Elon Musk is unleashing SpaceX’s new war chest to solve his AI problem

SpaceX acquired autonomous coding startup Cursor for $60 billion in an all-stock deal, aiming to bolster its AI capabilities under Elon Musk’s leadership, who acknowledged xAI lags behind rivals like OpenAI and Anthropic. The move follows restructuring at xAI, including layoffs, and comes as SpaceX seeks enterprise customers to monetize its AI tools despite ongoing financial losses in the sector.

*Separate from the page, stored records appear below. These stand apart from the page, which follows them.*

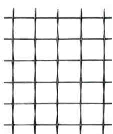
NETFIX CRM 490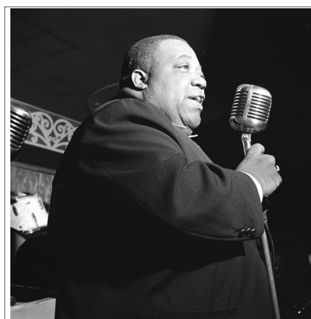
Bluesshouter: Jimmy Rushing, 1946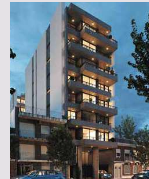
CONQUEROR JM de Rosas 1630. Rosario.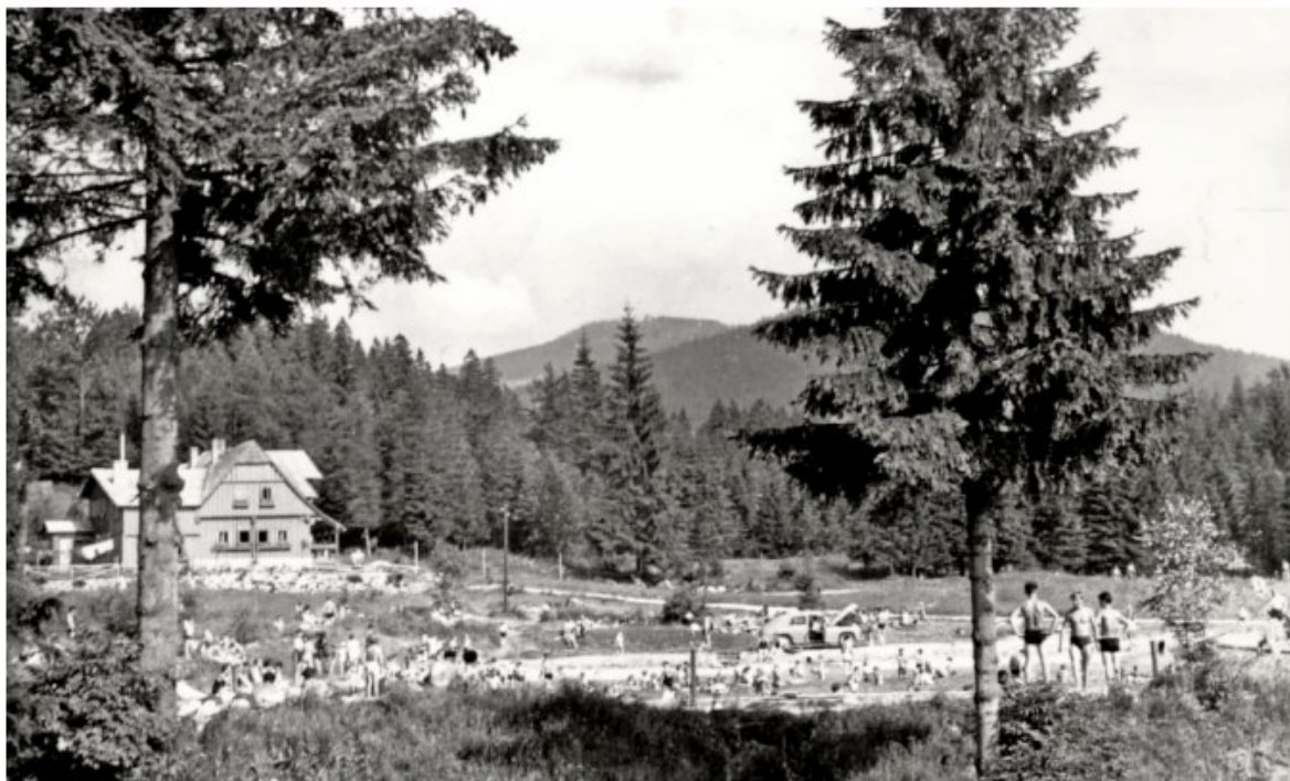
V polovině 50. let bylo koupaliště hojně navštěvováno. V pozadí bývalá budova lázní.

provozuje dodnes. Dochází k rozšíření zázemí, vybudování občerstvení a společenské místnosti. Budova je postavena z dřevěných panelů bývalé horské chaty Výrovka. Vedle koupaliště je k dispozici minigolf. V areálu, jehož součástí je i ubytovací zařízení, bývalá budova lázní, se pořádají různé kulturní a sportovní akce.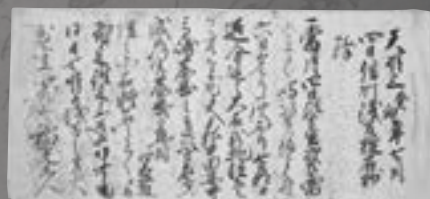
天明3年の浅間山噴火の被害を 伝える手紙(千蔵地域)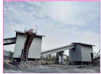
การปิดคลุมโรงโม่หินของโครงการ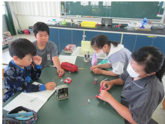
電球を明るくする方法を考えていました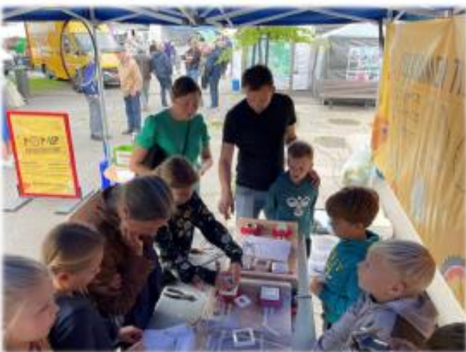
På uttæn til reodorklubben i Breim, Sandane dagane.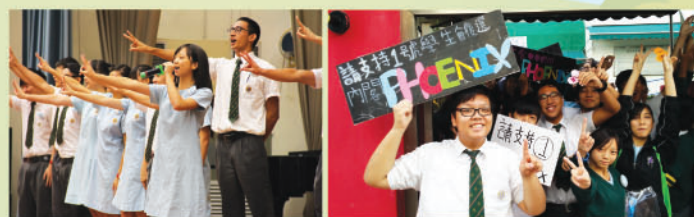
候選內閣於周會上進行宣傳活動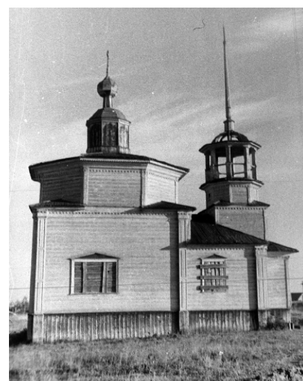
Рис. 8. Часовня во имя Смоленской Божией Матери. Вид с севера. Онежский р-н, село Верховье. Конец XIX века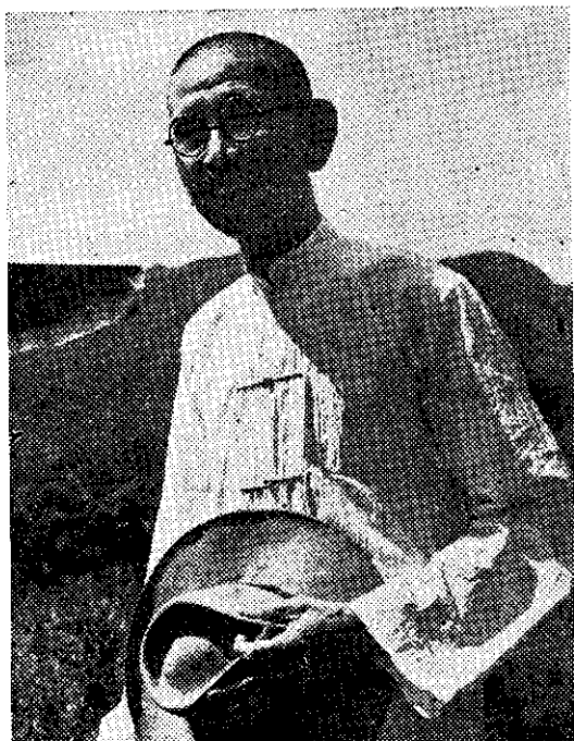
友農烈錫石的農從醫改

一片荒地，除了一甲單期作水田與沒有什麼生產價值的二、三甲旱地之外，其餘都滿山茅草，大約九甲左右的石頭荒山。

SpaceX announced a $60 billion all-stock acquisition of Cursor, a San Francisco-based startup specializing in AI-powered coding tools used by major companies like Nvidia, British Airways, and Deloitte. The deal marks SpaceX’s largest investment in AI, leveraging Elon Musk’s $86 billion war chest to accelerate development amid competition from OpenAI, Anthropic, and Google. Cursor’s revenue surged from $100 million in 2025 to an estimated $4 billion in early June, with over half coming from enterprise clients, making it a strategic asset for SpaceX’s AI ambitions. The acquisition follows SpaceX’s restructuring around AI, including the integration of xAI, Musk’s AI-focused firm behind Grok and X. xAI has struggled with financial losses—$6.4 billion in 2023—and limited adoption, despite Musk’s public acknowledgment that xAI ranks fifth in AI capabilities behind Anthropic, OpenAI, Google, and Chinese open-source models. Cursor’s CEO, Michael Truell, joins SpaceX to lead AI development, signaling a shift toward enterprise-focused AI solutions. Cursor’s product, used by top AI labs, offers tools for autocomplete, code editing, and model toggling, competing directly with Anthropic’s Claude Code and OpenAI’s Codex. The company’s rapid growth—from $100 million to $4 billion in revenue projections—highlights its appeal, though SpaceX’s AI division faces challenges, including debt repayment and competing priorities like a $55 billion chip-fabrication project. Musk’s testimony in a lawsuit against OpenAI underscored xAI’s gap in AI leadership, while Pentagon concerns over Grok’s security add pressure to deliver reliable, scalable AI products. The acquisition aims to bridge this gap by integrating Cursor’s enterprise expertise and talent, though SpaceX’s AI division remains unprofitable, with $2.5 billion in first-quarter losses despite $818 million in revenue. With SpaceX’s financial resources, the deal positions Cursor as a cornerstone for xAI’s expansion, targeting high-paying enterprise clients to offset development costs. However, the company must address operational inefficiencies and market competition to justify the massive investment in AI infrastructure and talent.